Using OSINT tools you can learn whether an organization on your supply chain has been affected by ransomware in real-time which will allow you to take the necessary actions to mitigate the damage this has as their production or logistics is slowed.
Industry Targeting
It’s not unusual for malware to exploit weaknesses which are specific to an industry. For example, the Healthcare industry is particularly susceptible to ransomware as a delay in returning their operations to normal could result in patients deaths. Indeed a leading medical-research institution working on a cure for Covid-19 were forced to pay hackers a $1.14m USD ransom because of a ransomware attack.
Using OSINT tools you can monitor your own specific industry to determine what strategies and exploits are currently being used by cybercriminals against like companies.

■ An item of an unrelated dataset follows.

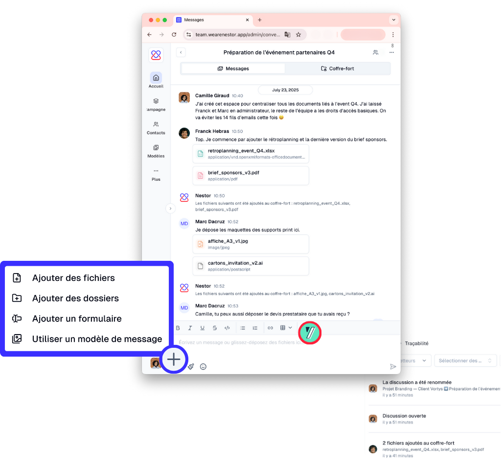 Nestor crée des espaces d’échange structurés, conçus pour gérer les échanges critiques (documents sensibles, signatures, relances...) dans un cadre conforme et traçable. Ce n’est pas un mail, c’est un environnement sécurisé adapté à vos processus.
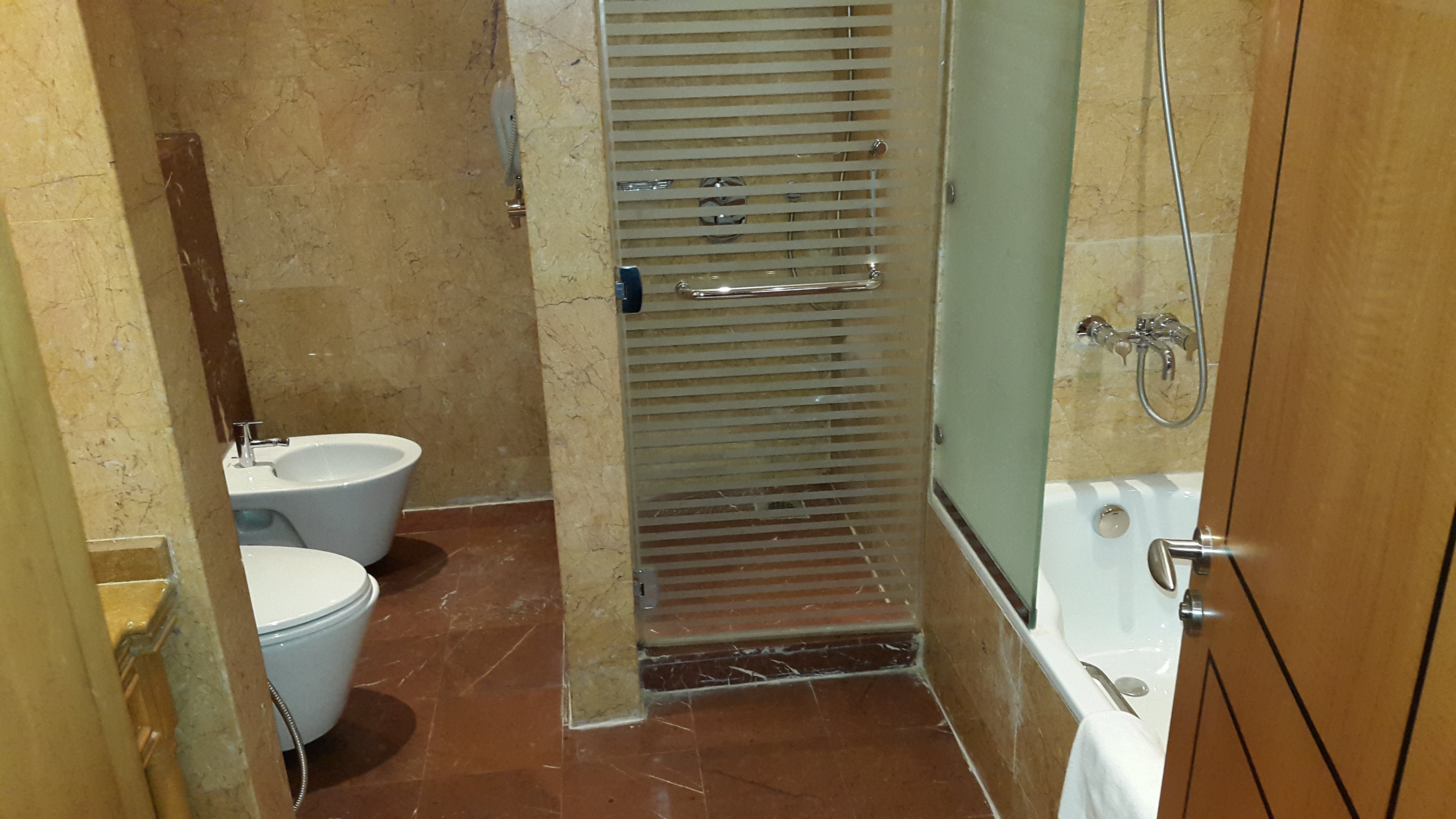 Die Zimmer sind sehr groß. Laut Beschreibung 56m² für ein Standardzimmer. Ich war wirklich überrascht von der tollen Ausstattung. Alles sah sehr gepflegt aus und es fehlte an nichts. Ebenso groß war auch das Bad. Dusche, Badewanne, Bidet… Was will man mehr?

Determining this will allow you to take extra and specific precautions to fend off similar attacks which could potentially be turned on you.
Detect New Ransomware and Strategies
Cybercriminals are continuously evolving and updating their strategies and the ransomware that go with them. We are unlikely to see the end of this development.
By using OSINT to monitor darknet forums and market places security professionals are able to learn about the newest strategies being employed, the most recent weaknesses being exploited, and the most current software being utilized. Armed with this knowledge they are much more able to develop effective countermeasures as well as actively prevent ransomware infection.